Author: Sean Callahan '87

Under his Holy Trinity High School polo shirt, part of the school’s uniform, freshman Jose often wears a turtleneck. That’s one way the 14-year-old, who recently emigrated from Ecuador, has learned to deal with Chicago winters.

This young man has had to adjust to many things since his arrival on Chicago’s West Side less than two years ago. Jose discovered the turtleneck on his own, but he relies on Miguel Hernandez, his Partnership to Educate and Advance Kids (PEAK) sponsor, to help him master English and to suggest strategies for avoiding the gangs that dominate his neighborhood.

Hernandez is one of nine Latino and African-American PEAK sponsors. Because of their Notre Dame connection and their own backgrounds, PEAK’s co-founders Eileen Cavanaugh Bender ’87 and Maria Madigan Kelly ’87 have tended to attract white, middle-class sponsors to the program. The partnership is striving to recruit more minority sponsors who might have similar life experiences to PEAK students, the majority of whom are Latino and African-American. The recruiting effort is yielding some success – six of 16 sponsors in the freshman class are minorities.

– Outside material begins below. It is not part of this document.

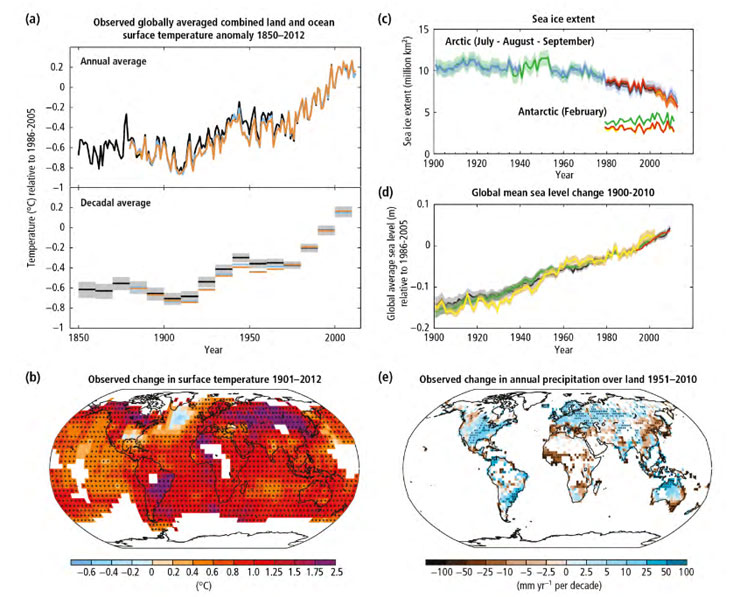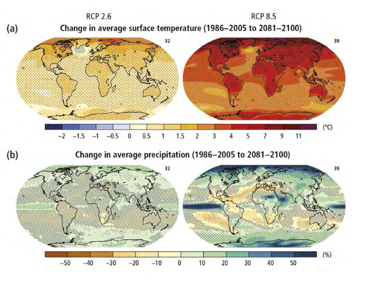 – την «πιθανότητα» (ποσοστό 66%-100%) αύξησης των ισχυρών βροχοπτώσεων και χιονοπτώσεων, ιδιαίτερα στους τροπικούς κύκλους και στα μεγάλα υψόμετρα

“The people who we’ve approached are stretched so thin,” Bender said. “It’s difficult. Minorities who are successful, everybody wants a piece of them.”

Hernandez, who is originally from Mexico, attended Holy Trinity on a scholarship. He swore he’d provide similar support for a student when he got the chance. With his job as an engineer for Motorola, Hernandez now has the means to live up to his pledge.

Like Jose, Hernandez learned English after arriving in the United States. He knows how difficult it is to excel in school in a language not your own. With fellow Holy Trinity graduate and PEAK sponsor Armando Rivas, he tutors Jose in algebra, which the young man finds a struggle because the teacher’s instructions are in English.

Rivas, a math teacher in the Chicago Public Schools, also sponsors a Latino freshman. “That was done on purpose,” Brother Phil Smith, president of Holy Trinity, said. “We chose them [Hernandez and Rivas] specifically for these kids, because they are not believers in a bilingual education and they can assist them to get a facility with English.”

The match of Hernandez and Jose has paid early dividends. Jose was failing English in September, but by January exams he carried a C+. Similarly, in algebra his grade rose from a D- to a C. “He’s improving,” Hernandez said. “It’s the language thing for the most part.”

Beyond the language, Hernandez counsels Jose in the ways to avoid the gunfire and gangs that hold sway in his neighborhood. Even though it added 45 minutes to his ride home, Hernandez used to travel by bus from Holy Trinity instead of the El train, because the bus didn’t take him through disputed gang territory. Jose has already applied some of Hernandez’s lessons.

“I’m always in my home, I’m always in my apartment,” Jose said.